■ PROMPT
Starting at the line that contains "大灾凝聚大爱,点滴涌现真情。" in the listing below, write out every line word for word until you have written the line that contains "Czy Twoje dziecko".

■ INFORMATION SUPPLIED

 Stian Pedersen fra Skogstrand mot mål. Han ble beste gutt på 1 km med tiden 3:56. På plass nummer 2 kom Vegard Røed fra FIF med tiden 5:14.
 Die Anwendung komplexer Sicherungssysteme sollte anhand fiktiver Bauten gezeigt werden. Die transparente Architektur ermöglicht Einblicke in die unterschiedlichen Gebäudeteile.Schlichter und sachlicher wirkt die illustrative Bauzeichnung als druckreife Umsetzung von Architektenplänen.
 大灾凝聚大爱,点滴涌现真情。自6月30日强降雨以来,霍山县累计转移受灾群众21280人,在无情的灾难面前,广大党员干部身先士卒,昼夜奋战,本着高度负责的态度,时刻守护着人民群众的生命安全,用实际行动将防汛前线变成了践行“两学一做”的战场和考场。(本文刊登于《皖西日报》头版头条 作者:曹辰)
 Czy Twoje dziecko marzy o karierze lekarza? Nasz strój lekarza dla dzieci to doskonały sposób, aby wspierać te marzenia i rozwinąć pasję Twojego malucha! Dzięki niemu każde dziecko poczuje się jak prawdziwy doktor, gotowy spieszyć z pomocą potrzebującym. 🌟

...

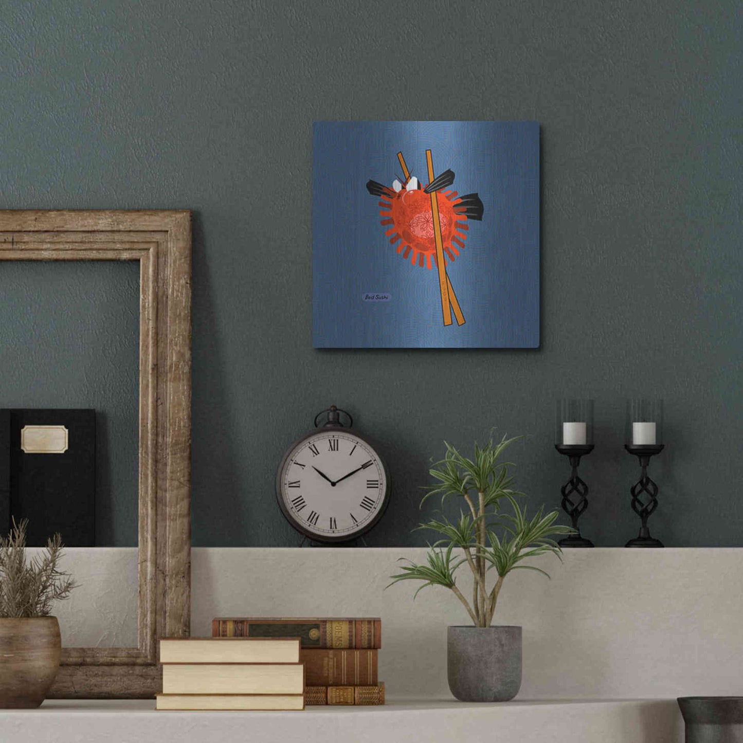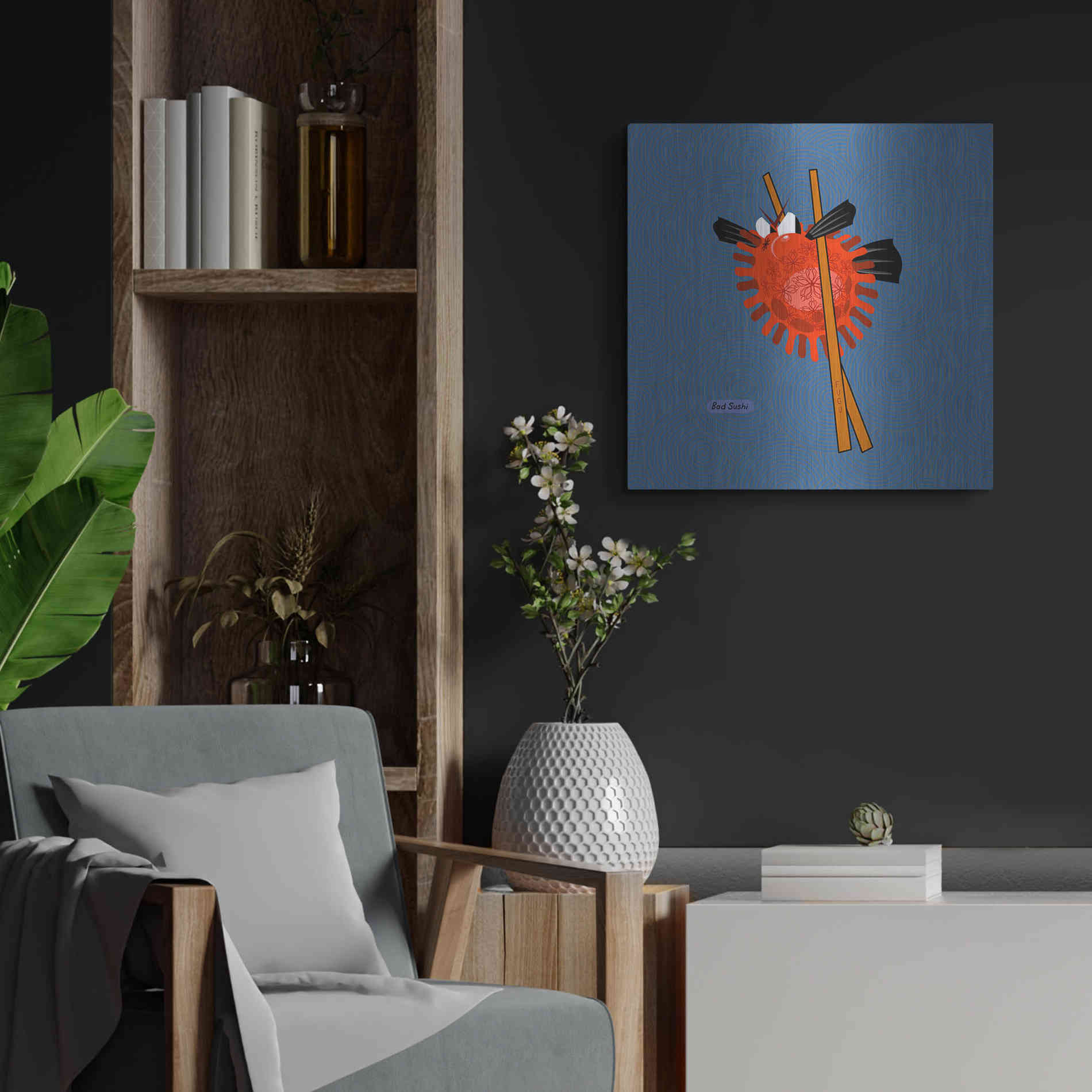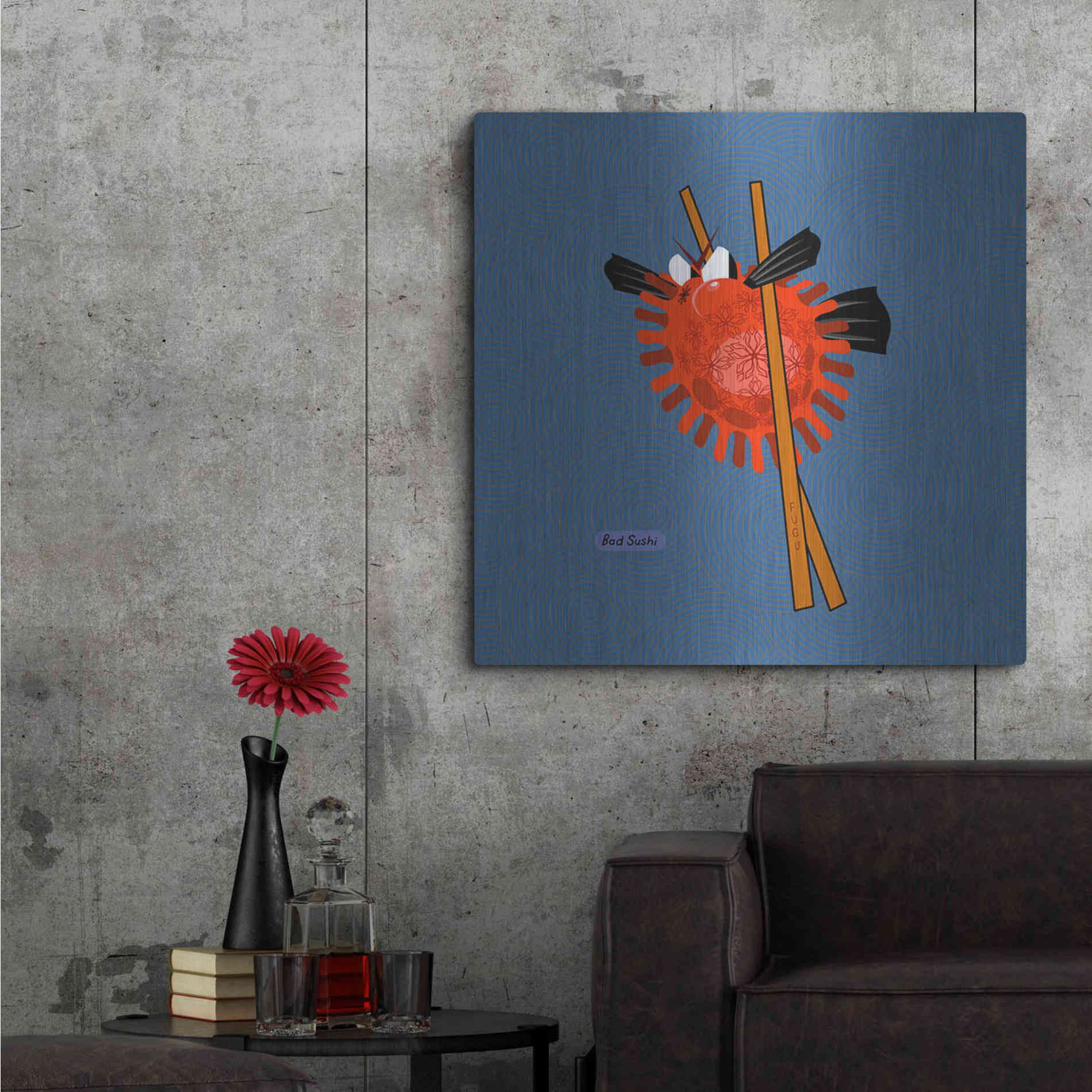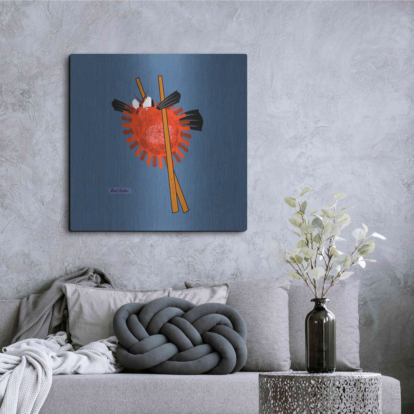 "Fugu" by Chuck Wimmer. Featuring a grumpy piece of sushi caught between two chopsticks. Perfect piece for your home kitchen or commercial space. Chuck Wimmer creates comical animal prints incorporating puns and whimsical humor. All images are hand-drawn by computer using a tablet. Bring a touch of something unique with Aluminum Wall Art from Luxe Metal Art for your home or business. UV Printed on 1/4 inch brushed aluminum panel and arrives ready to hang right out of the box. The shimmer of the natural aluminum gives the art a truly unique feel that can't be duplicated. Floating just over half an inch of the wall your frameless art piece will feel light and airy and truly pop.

■ ANSWER TO THE PROBLEM
 大灾凝聚大爱,点滴涌现真情。自6月30日强降雨以来,霍山县累计转移受灾群众21280人,在无情的灾难面前,广大党员干部身先士卒,昼夜奋战,本着高度负责的态度,时刻守护着人民群众的生命安全,用实际行动将防汛前线变成了践行“两学一做”的战场和考场。(本文刊登于《皖西日报》头版头条 作者:曹辰)
 Czy Twoje dziecko marzy o karierze lekarza? Nasz strój lekarza dla dzieci to doskonały sposób, aby wspierać te marzenia i rozwinąć pasję Twojego malucha! Dzięki niemu każde dziecko poczuje się jak prawdziwy doktor, gotowy spieszyć z pomocą potrzebującym. 🌟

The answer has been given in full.